Wednesday, 18 de December de 2024 ISSN 1519-7670 - Ano 24 - nº 1318

O trapézio de Gilberto Carvalho

O secretário-geral da Presidência da República, Gilberto Carvalho, é um personagem machadiano. Como aconteceu a Brás Cubas, pendurou-se-lhe uma ideia no trapézio que tinha no cérebro: a vaia e os xingamentos dirigidos a Dilma Rousseff não foram obra da “elite branca”. Representam um fenômeno mais generalizado. Tanto que Carvalho, usando o metrô para voltar do estádio, viu “uns moleques” formando no vagão coro mal-educado.

No universo petista e lulista, foi uma percepção não canônica. “Elite branca”, afinal, é uma explicação tão cômoda, a despeito da imprecisão etnográfica (para não falar de sociologia e política). Então quer dizer que não foi um segmento privilegiado da turba ingrata o promotor de vaias e xingamentos? Há descontentamento generalizado?

Não, não se trata disso. Carvalho dá agilmente uma cambalhota mental e, para não fugir às linhas estruturais do libreto operístico, diz que a perversa mídia “faz a cabeça” da multidão. Donde se depreende que o povo é bobo. Ou, menos enfaticamente, la massa è mobile.

Seja como for, obra da áspera realidade dos fatos ou da máquina de moer cérebros da mídia, Carvalho diz em entrevista à Folha de S.Paulo (23/6) que o PT alimenta a ilusão de que o povo pensa que está tudo bem. Problemas, melhor não tê-los. Mas, tendo-os, melhor não ignorá-los.

Coisa de rico, riquinho

O governador do Ceará, Cid Gomes, sólido aliado do governo federal, acha entretanto que a agressividade parte mesmo é de quem está por cima da carne seca. Em entrevista ao Valor (23/6), disse:

“Achei que foi uma coisa de rico, de riquinho, agressiva demais. E foi um tiro no pé.

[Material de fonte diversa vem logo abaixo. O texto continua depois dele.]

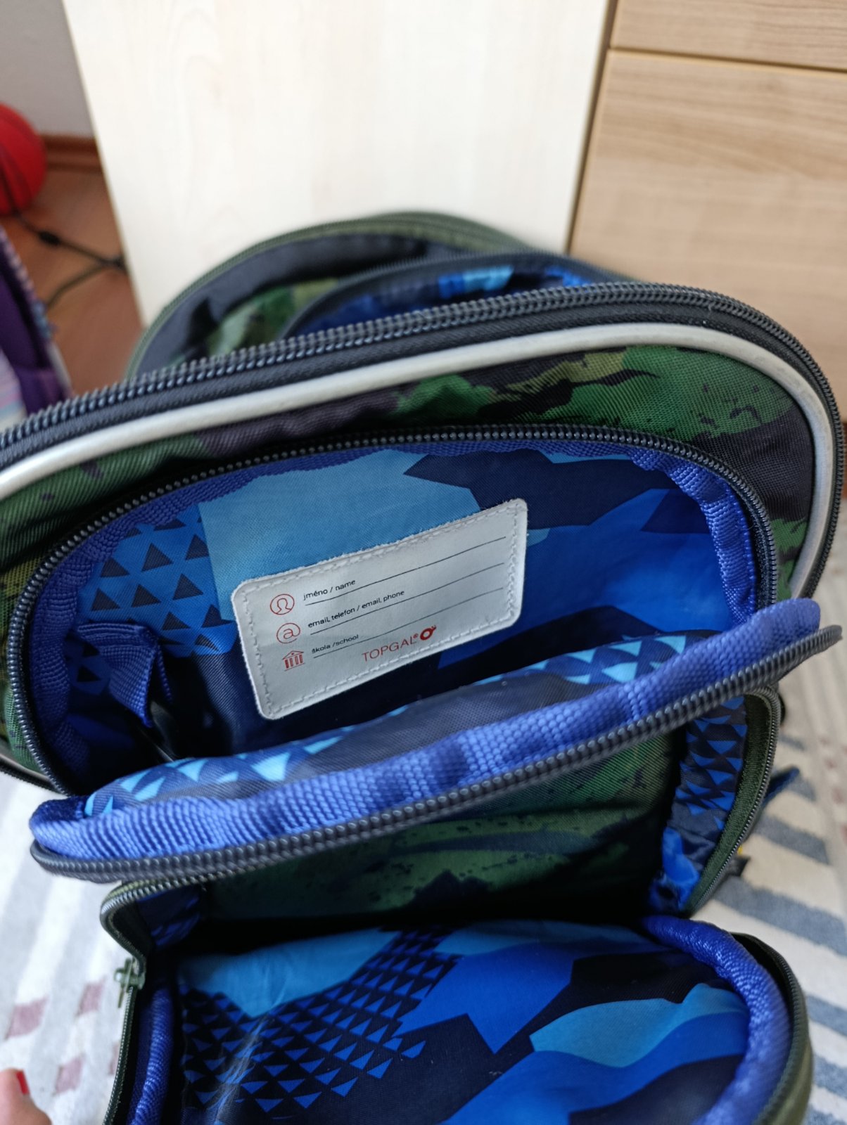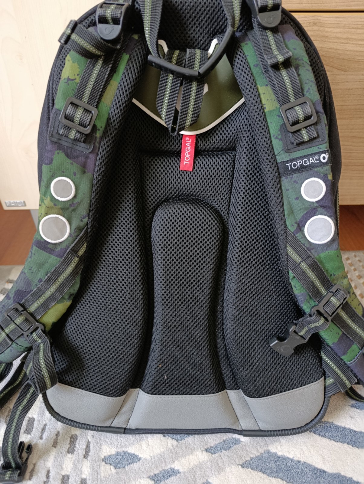 Taška Topgal po synovi. Nosil ju 2 roky. Je vo výbornom stave. Akurát malé poškodenie na reflexnej časti. Ja by som ešte nemenila, ale ževraj už nie je "in" pre neho. Taška je vyčistená.

Desperta mais nas pessoas mais simples o sentimento de que há aversão das classes mais ricas com [sic] essa instância de poder porque quem está no poder valoriza políticas de atenção aos mais pobres.”

Capítulo da corrupção

No capítulo da corrupção, Carvalho reconhece crimes cometidos por petistas, mas aponta que os similares cometidos por adversários recebem tratamento ameno na imprensa. Seu colega de governo Jorge Hage, ministro-chefe da Controladoria Geral da União (CGU), em artigo na mesma edição da Folha (“Avanço irreversível”), tem abordagem diferente:

“Não se ignora, por outro lado, a contribuição da imprensa, disposta como nunca a apontar casos de corrupção, o que não deixa de ser natural quando assumiu o governo um partido que incluía o combate à prática entre suas bandeiras e que desbancou do poder as forças que com ela conviviam, sem atacá-la, havia mais de 500 anos”.

Hage não varre problemas para debaixo do tapete, mas se esquece da composição da famosa “base aliada”. Poucas coisas são mais “500 anos de…” no Brasil do que o PMDB de Michel Temer, José Sarney, Renan Calheiros, Henrique Eduardo Alves, ou o PTB de Fernando Collor.

Notícias boas e ruins 

Circo retórico à parte, o jornalista José Roberto Toledo, em coluna no Estado de S.Paulo (“Foto, filme, flashback”, 23/6), trabalha com uma categoria interessante. Algo como a mídia jornalística refletida no espelho da opinião. Diz Toledo que a esta altura de 2010, quando o governo Lula tinha apoteóticos níveis de aprovação em pesquisas, “a percepção de que o noticiário era mais favorável ao governo era três vezes maior do que a percepção de más notícias. Quase uma euforia”. Agora, “a percepção de que as notícias são ruins para o governo é quatro vezes mais forte entre os eleitores do que a percepção do noticiário positivo”.

Duas hipóteses básicas explicariam tal fenômeno. A primeira é a mais simples, mais “barão de Itararé” (“De onde menos se espera, daí mesmo é que não sai nada”): a situação piorou, de modo geral, embora haja, como em qualquer situação, altos e baixos, e a despeito dos méritos que tenham políticas públicas do governo federal e dos governos de seus aliados estaduais e municipais.

A alternativa seria a seguinte: a mídia jornalística foi mais boazinha com Lula do que tem sido com Dilma. Um tanto escalafobética, mas certamente contará com não poucos adeptos. Mesmo que à custa de contorções mentais bem mais acrobáticas do que as do ministro Carvalho.

Escolha a tua, atento leitor. Se for inteligente, dou-me por satisfeito. Se não o for, dou-te um piparote, como Machado de Assis aos leitores de antanho. E não se esqueça de seguir atentamente o debate sobre regulação, ou democratização, ou controle social da mídia. Aí tem gato.